Neither EU Copyright Law nor the EU AI Act specify how these requirements can be achieved in practice. It comes as little surprise that there is currently extreme legal uncertainty surrounding both requirements.
TDM plays a central role in developing GenAI models. However, there is no established market standard on how to exercise TDM opt-outs so far. This creates enormous challenges for rightsholders, providers of training datasets or GenAI developers.
The EUIPO compares several technical solutions and makes a differentiation between legal and technical opt-outs. In a nutshell, the EUIPO provides a sophisticated comparison with over 17 different criteria such as typology of the opt-out based on location/file/work/repertoire, versatility, robustness, ease of implementation and offline/online applicability. The EUIPO considers none of the compared solutions as ideal, especially due to their inherent lack of enforcement.
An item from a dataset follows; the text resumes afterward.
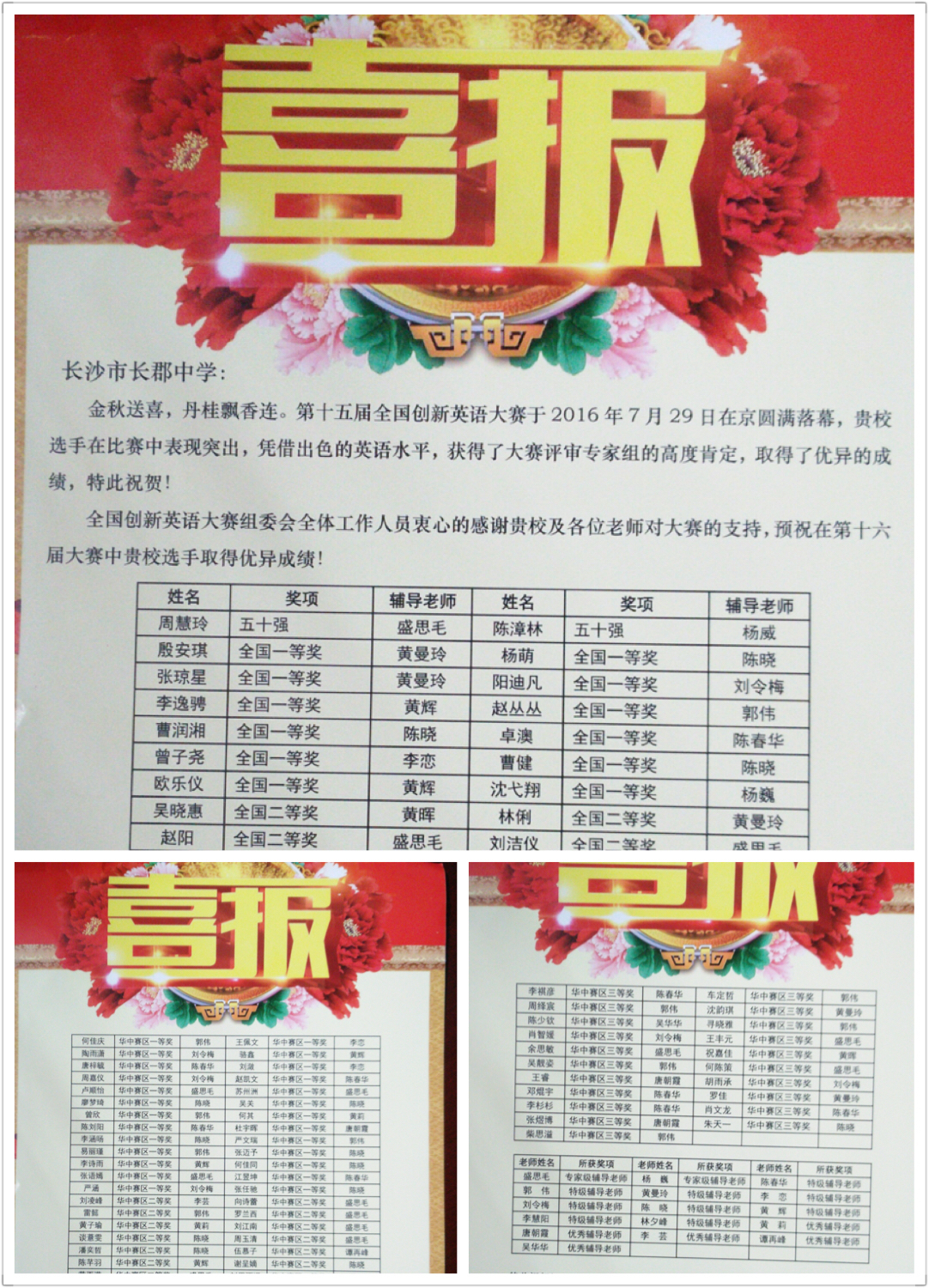 长郡中学英语教研组始终自觉推进高中英语教学改革,重视语言基础,多方位培养学生的综合语言运用能力和综合语言素养。这与创新英语大赛的宗旨不谋而合。我校在做好大赛事宜的同时,也会以此为契机,不断深化发展我校的外语教学,尽显我校学子的外语特长和国际视野,不断提升我校学子英语素养。

According to the study, the Robots Exclusion Protocol (“REP”) can be currently considered a de facto standard to restrict web-scraping. However, REP is only considered a temporary solution for TDM opt-outs by the EUIPO, mainly because of its limited granularity and use-specificity.
Legally driven measures include unilateral opt-out declarations such as simple letters from rightsholders or databases including digitalized declarations, licensing constraints, and website terms and conditions.
Technical measures include the TDM Reservation Protocol, the C2PA Training and Data Mining Assertions, the JPEG Trust Rights Declaration, Spawning.AI’s solutions, the use of Liccium Infrastructure, and the Valunode Open Rights Data Exchange.
Compared to above opt-out mechanisms, the requirements for transparency specifications are even newer and therefore less examined. The study provides helpful guidance with differentiating AI output such as music, books and images. In this regard, the EUIPO explains two different approaches to transparency solutions. Examples of these techniques are compared in detail based on ten criteria, including market maturity, cost implication, robustness, interoperability, scalability and reliability.
Provenance tracking is an approach that seeks to certify the entire lifecycle of a digital asset to ensure a reliable record of the asset's history. This history is often encoded in a machine-readable format into the content’s metadata. Examples are C2PA, IPTC Photo Metadata Standard, JPEG Trust or Trace4EU.
Content-Processing Solutions include solutions such as watermarking and fingerprinting. This approach refers to the fact that information is directly included in the digital content itself. Fingerprinting identifies unique patterns in content to detect copies, while watermarking embeds provenance information to prevent or trace unauthorized use.
In addition, the study provides information on how to detect AI generated content and whether a GenAI model has been trained on a specific data point. While this is not related to transparency measures, this will play a critical role in safeguarding consumers against deception and discovery on the training data. A possible solution for detection would be Nvidia’s StyleGAN3 detector.
As said, the study does not give answers to legal questions. However, in certain areas, the study is a gold mine for learning about the current market standard for technical solutions. Many other important topics are also addressed. Notably, the study provides an overview of the following: (1) the developing licensing market for training data, (2) AI court proceedings, (3) other copyright-related issues, such as content memorization inside the model and overfitting output.